Can't be any more wrong. You must be one of these types who think you know everything (there is no shortage around here). Trading profits are always excluded from SE tax with several exceptions. Plus your single member S corp thing to get around SE (that you shouldn't even be paying anyway) good luck when you get audited on that one.
and Tiddly...you really shouldn't be giving out incorrect tax advice because some poor sap might even follow it and get in trouble with IRS.
It appears my post has been misunderstood. !. Unless one has an enormous amount of business expenses, I don't see where being able to deduct expenses would be an advantage to file for trader status. Perhaps being able to fund a retirement account, purchase of insurance, etc... could be an incentive. 2. It appears to me that in order to maintain a trader status under the IRS rules, one may have a tendency to overtrade to meet the guidelines. 3. What affect does the IRS rule that all holding at the end of the taxable year must be considered closed and establish a new cost basis have on a trading strategy? 4. Since the major portion of your income must come from trading this could be a hindrance to seeking trader status to someone with sufficient income from other sources. Of course, being able to avoid wash sales and the limitation on losses would be a positive.
To qualify for trader status you need 720 trades per year and the trades have to be 30 days or shorter. You can have investment expenses other than commissions eg subscriptions, office space, trading computers, trading assistant/ programmer etc.. Advantage of trader status is the ability to write off trading losses in excess of $3k and earned income...
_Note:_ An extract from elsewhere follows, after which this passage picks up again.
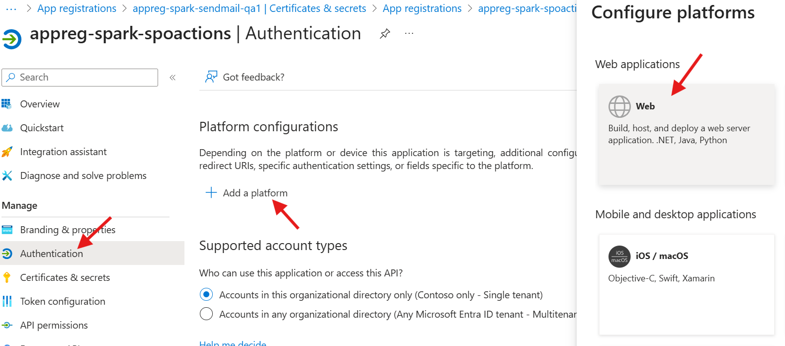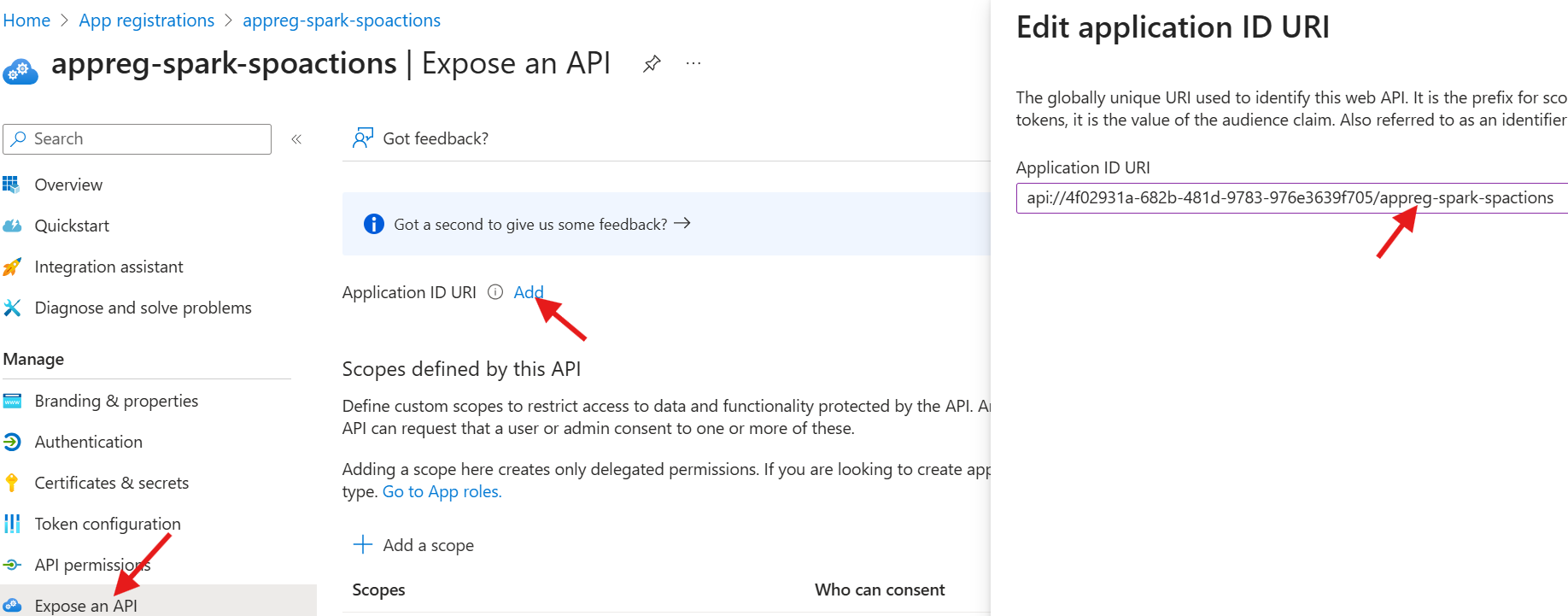 - View the appreg-spark-spoactions application registration

Chartman: You can deduct home office expense directly. There are 2 ways, there is a flat rate, or a calculated method based on sq footage in relation to your home. As for other expenses, you can deduct those as miscellaneous deduction/expense, but only if you itemize deductions, and only the amount over the miscellaneous deductions 2% of AGI threshold. Trader status is nothing you should have to "strive to maintain" as you've implied. Either you meet the qualifications or not. It is not a variable that should affect day to day trading, at all. As for MTM, all profits and losses are taken in the current tax year, whether realized or not. Good luck.
Anyone reading this......please don't take the advice you see written in this thread and use it to make tax filing decisions. Seek out appropriate tax advice from an accountant/attorney who understands trading tax law.